Please print every record below exactly as it appears, but leave out the pictures.
*** INFORMATION
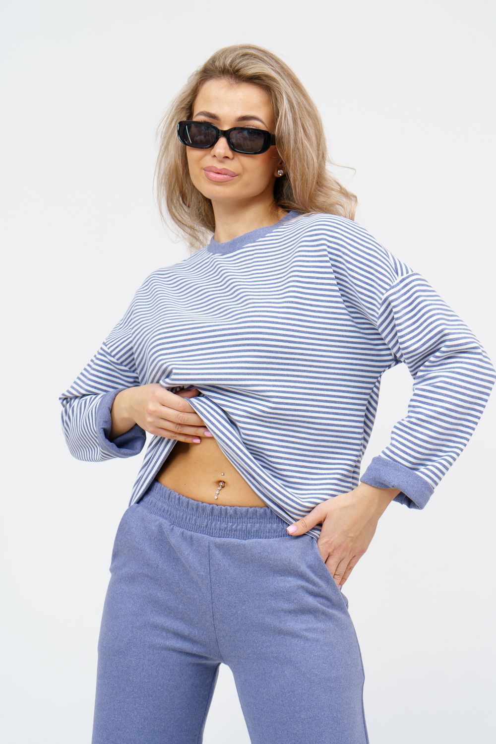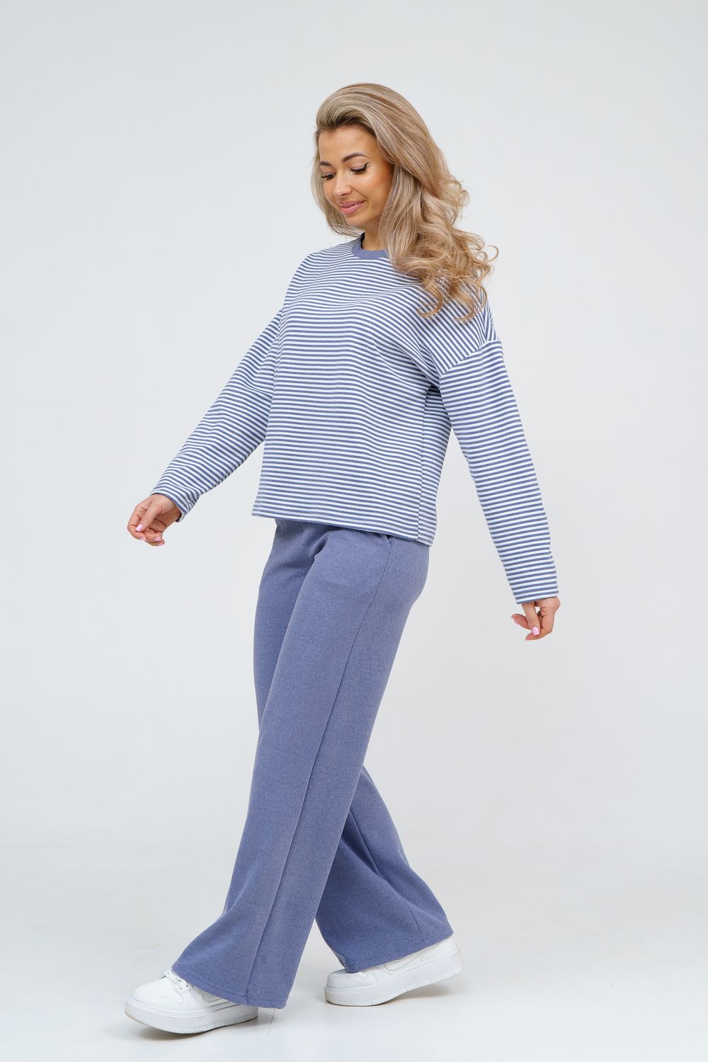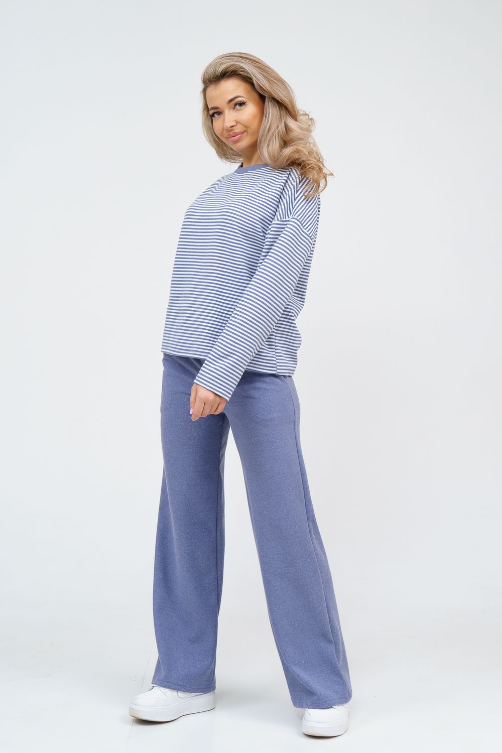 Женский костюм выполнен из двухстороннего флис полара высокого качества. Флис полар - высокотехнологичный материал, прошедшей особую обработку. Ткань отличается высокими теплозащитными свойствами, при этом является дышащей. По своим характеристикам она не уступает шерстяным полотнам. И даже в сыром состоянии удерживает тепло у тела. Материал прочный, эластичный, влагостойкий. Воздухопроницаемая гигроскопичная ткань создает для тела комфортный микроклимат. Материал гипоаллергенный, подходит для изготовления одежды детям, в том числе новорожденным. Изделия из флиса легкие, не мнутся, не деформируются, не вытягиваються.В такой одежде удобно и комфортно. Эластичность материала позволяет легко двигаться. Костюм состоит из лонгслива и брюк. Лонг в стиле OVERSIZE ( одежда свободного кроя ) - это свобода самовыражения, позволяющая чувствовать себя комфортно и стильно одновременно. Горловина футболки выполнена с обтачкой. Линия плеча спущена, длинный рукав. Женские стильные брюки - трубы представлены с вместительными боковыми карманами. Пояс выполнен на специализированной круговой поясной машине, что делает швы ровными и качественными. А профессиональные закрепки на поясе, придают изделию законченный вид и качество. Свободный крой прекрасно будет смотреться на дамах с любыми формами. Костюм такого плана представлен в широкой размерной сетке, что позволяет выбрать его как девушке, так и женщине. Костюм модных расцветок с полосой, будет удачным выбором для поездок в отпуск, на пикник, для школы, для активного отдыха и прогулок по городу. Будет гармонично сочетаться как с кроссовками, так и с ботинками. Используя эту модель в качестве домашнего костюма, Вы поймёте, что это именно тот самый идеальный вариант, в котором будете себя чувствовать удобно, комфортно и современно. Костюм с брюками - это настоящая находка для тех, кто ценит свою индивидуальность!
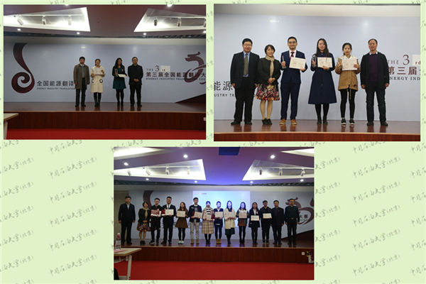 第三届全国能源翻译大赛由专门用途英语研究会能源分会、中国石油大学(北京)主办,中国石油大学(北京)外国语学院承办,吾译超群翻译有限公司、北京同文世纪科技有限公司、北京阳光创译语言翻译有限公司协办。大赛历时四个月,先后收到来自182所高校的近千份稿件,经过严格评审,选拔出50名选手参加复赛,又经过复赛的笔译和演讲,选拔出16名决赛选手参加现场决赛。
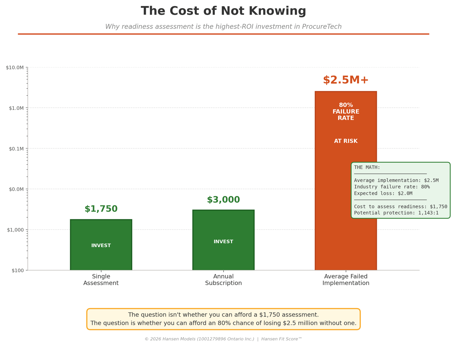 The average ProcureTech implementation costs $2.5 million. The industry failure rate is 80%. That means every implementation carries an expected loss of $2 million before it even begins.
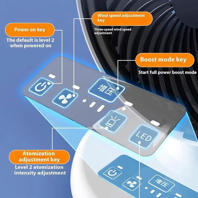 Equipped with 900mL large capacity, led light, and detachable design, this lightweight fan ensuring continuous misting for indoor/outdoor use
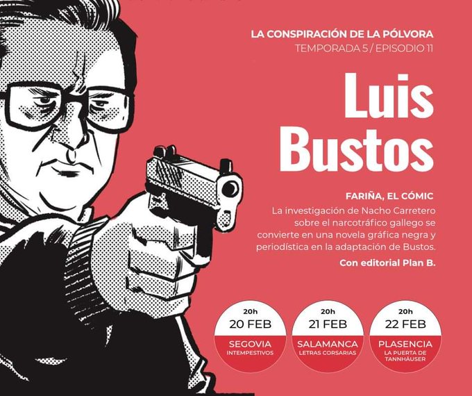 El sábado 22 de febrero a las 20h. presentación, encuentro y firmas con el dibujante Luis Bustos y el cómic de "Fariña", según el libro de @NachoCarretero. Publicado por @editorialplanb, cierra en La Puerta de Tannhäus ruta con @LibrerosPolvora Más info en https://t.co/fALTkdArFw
******
▶ ANSWER TO THE PROBLEM
 Женский костюм выполнен из двухстороннего флис полара высокого качества. Флис полар - высокотехнологичный материал, прошедшей особую обработку. Ткань отличается высокими теплозащитными свойствами, при этом является дышащей. По своим характеристикам она не уступает шерстяным полотнам. И даже в сыром состоянии удерживает тепло у тела. Материал прочный, эластичный, влагостойкий. Воздухопроницаемая гигроскопичная ткань создает для тела комфортный микроклимат. Материал гипоаллергенный, подходит для изготовления одежды детям, в том числе новорожденным. Изделия из флиса легкие, не мнутся, не деформируются, не вытягиваються.В такой одежде удобно и комфортно. Эластичность материала позволяет легко двигаться. Костюм состоит из лонгслива и брюк. Лонг в стиле OVERSIZE ( одежда свободного кроя ) - это свобода самовыражения, позволяющая чувствовать себя комфортно и стильно одновременно. Горловина футболки выполнена с обтачкой. Линия плеча спущена, длинный рукав. Женские стильные брюки - трубы представлены с вместительными боковыми карманами. Пояс выполнен на специализированной круговой поясной машине, что делает швы ровными и качественными. А профессиональные закрепки на поясе, придают изделию законченный вид и качество. Свободный крой прекрасно будет смотреться на дамах с любыми формами. Костюм такого плана представлен в широкой размерной сетке, что позволяет выбрать его как девушке, так и женщине. Костюм модных расцветок с полосой, будет удачным выбором для поездок в отпуск, на пикник, для школы, для активного отдыха и прогулок по городу. Будет гармонично сочетаться как с кроссовками, так и с ботинками. Используя эту модель в качестве домашнего костюма, Вы поймёте, что это именно тот самый идеальный вариант, в котором будете себя чувствовать удобно, комфортно и современно. Костюм с брюками - это настоящая находка для тех, кто ценит свою индивидуальность!
 第三届全国能源翻译大赛由专门用途英语研究会能源分会、中国石油大学(北京)主办,中国石油大学(北京)外国语学院承办,吾译超群翻译有限公司、北京同文世纪科技有限公司、北京阳光创译语言翻译有限公司协办。大赛历时四个月,先后收到来自182所高校的近千份稿件,经过严格评审,选拔出50名选手参加复赛,又经过复赛的笔译和演讲,选拔出16名决赛选手参加现场决赛。
 The average ProcureTech implementation costs $2.5 million. The industry failure rate is 80%. That means every implementation carries an expected loss of $2 million before it even begins.
 Equipped with 900mL large capacity, led light, and detachable design, this lightweight fan ensuring continuous misting for indoor/outdoor use
 El sábado 22 de febrero a las 20h. presentación, encuentro y firmas con el dibujante Luis Bustos y el cómic de "Fariña", según el libro de @NachoCarretero. Publicado por @editorialplanb, cierra en La Puerta de Tannhäus ruta con @LibrerosPolvora Más info en https://t.co/fALTkdArFw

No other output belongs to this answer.